Tigers should go distance with Wallace
Mick Malthouse | The Australian | August 15, 2008
TERRY Wallace is a realist.
He made the blunt assessment this week that if Richmond fails to make the finals next season during the last year of his five-year term as coach, then he would not be surprised if the Tigers replaced him.
He is just one of a host of coaches due to come out of contract at the end of next season, myself included.
As Terry said, we are senior coaches in an elite competition so we understand the ramifications of not producing the results the club's board and supporters require.
It was very wise of Adelaide to move a year early and shore up the immediate future of Neil Craig by extending his contract for two years.
During almost 4 1/2 years as coach of the Crows, Craig has a 62 per cent winning record, which is extraordinary in today's football.
Over a reasonable period of time, a 60 per cent record is an enormous achievement for any coach because teams ebb and flow, it doesn't matter how good you are.
We saw that with the great Brisbane sides between 2001 and 2004, when they played in four grand finals and won three premierships.
The Lions have not been in the finals since, yet Leigh Matthews still has a wonderful win-loss record.
The board at the Lions had the faith in Leigh to believe he could take the side forward again because this is probably his third group of players after inheriting a team, melding it into a champion side, and now basically starting again.
That's an assessment by the club's board of not what he has done in the past, as great as it was, but what he can do in the future.
In my eight full years at Collingwood, we have been in the finals four times and can hopefully play well enough over the remaining three games to achieve that feat again.
When I arrived at Collingwood for the 2000 season, I found myself in the same position as most long-term coaches.
It goes without saying that coaches are usually replaced when a team is struggling so when you arrive you have to assess the playing list.
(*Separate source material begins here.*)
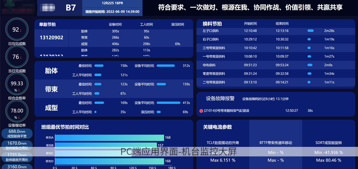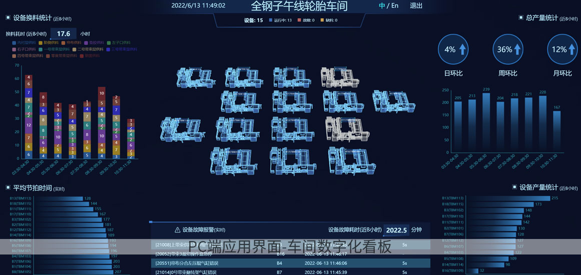 針對(duì)貴州省某輪胎5G全聯(lián)接智能工廠,適用于賽象科技生產(chǎn)的輪胎成型機(jī)設(shè)備的設(shè)備數(shù)字化管理及在線監(jiān)控場(chǎng)景.通過(guò)設(shè)備物聯(lián)數(shù)據(jù)采集集成設(shè)備數(shù)字化工業(yè)App,為客戶提供了設(shè)備的安全風(fēng)險(xiǎn)管理、部件壽命管理、在線維護(hù)指導(dǎo)、效率分析、工藝質(zhì)量監(jiān)控、故障報(bào)警監(jiān)控及響應(yīng)管理、產(chǎn)量分析、換料效率管理、關(guān)鍵工藝參數(shù)監(jiān)控、能耗監(jiān)控管理及綜合OEE分析等設(shè)備運(yùn)行階段的產(chǎn)品生命周期管理功能。

At Collingwood, we had finished on the bottom with little coming through so I had to slash and burn.
Geelong is a great side at the moment. It will do a Brisbane in the next four or five years and eventually slide. That's the nature of football.
It will be up to the Geelong board to then reassess Bomber Thompson, and by that stage he may have won two or three premierships, who knows?
He will last if the Geelong board believes he can turn another young group of players into a successful unit.
Coaches don't have a lot of contact with each other these days, but I coached Terry Wallace at Footscray and have always enjoyed his company.
He's very pragmatic. He knows what he wants to do as a coach and he can also read the play. You need a board that can do the same thing; that understands where you're headed.
I've been very fortunate with support of the board at Collingwood. When my current contract expires I will have been here 10 years. Will we win a premiership in that time? I don't know.
You always have faith in your abilities but there are constant pressures from supporters demanding success, a media that is almost never satisfied, and most of all the board.
A strong board doesn't bow to public opinion but it can also read when change is needed.
I have the same view as Terry. These are things you accept.
You don't get too hung up over it. In 25 years of coaching, I've never been hung up about the attitude of club boards because they either want you or they don't.
Coaching can be a tough job. Sometimes you have to duck and weave but you always come up swinging, knowing it's your role to produce the best performance at every possible opportunity while keeping in mind the future of the football club.
You must always bring through a sustainable group of young players. No one should forget that Geelong finished 10th the year before it won the premiership, but it was stabilising that side with an elite group of players.
Terry has a good group of young players coming through, but what if a couple of key players get injured next year, he can't produce his best side and the Tigers miss the final eight?
Is that the end for Terry or is he a victim of circumstances? That's the thing boards have to keep in mind.
With new teams due to start on the Gold Coast in 2011 and western Sydney a year or two after that, there will be little chance to replenish existing sides because all the best talent will already be taken.
That will make coaching even harder over the next few years. You will have to develop what you have or recycle and hope that not too many good players retire in that period.
If Richmond does decide to change coaches at the end of next season, it has to assess who is ready to step up, because AFL coaching is an exclusive club.
We have seen this season with first-year coaches Dean Bailey, Matthew Knights, Mark Harvey and Brett Ratten, who started late last season, how hard it is to make inroads into the top eight.
New coaches require patience, but it is a tough gig with no ready-made replacements. I hope Richmond has the courage to go the journey with Terry Wallace.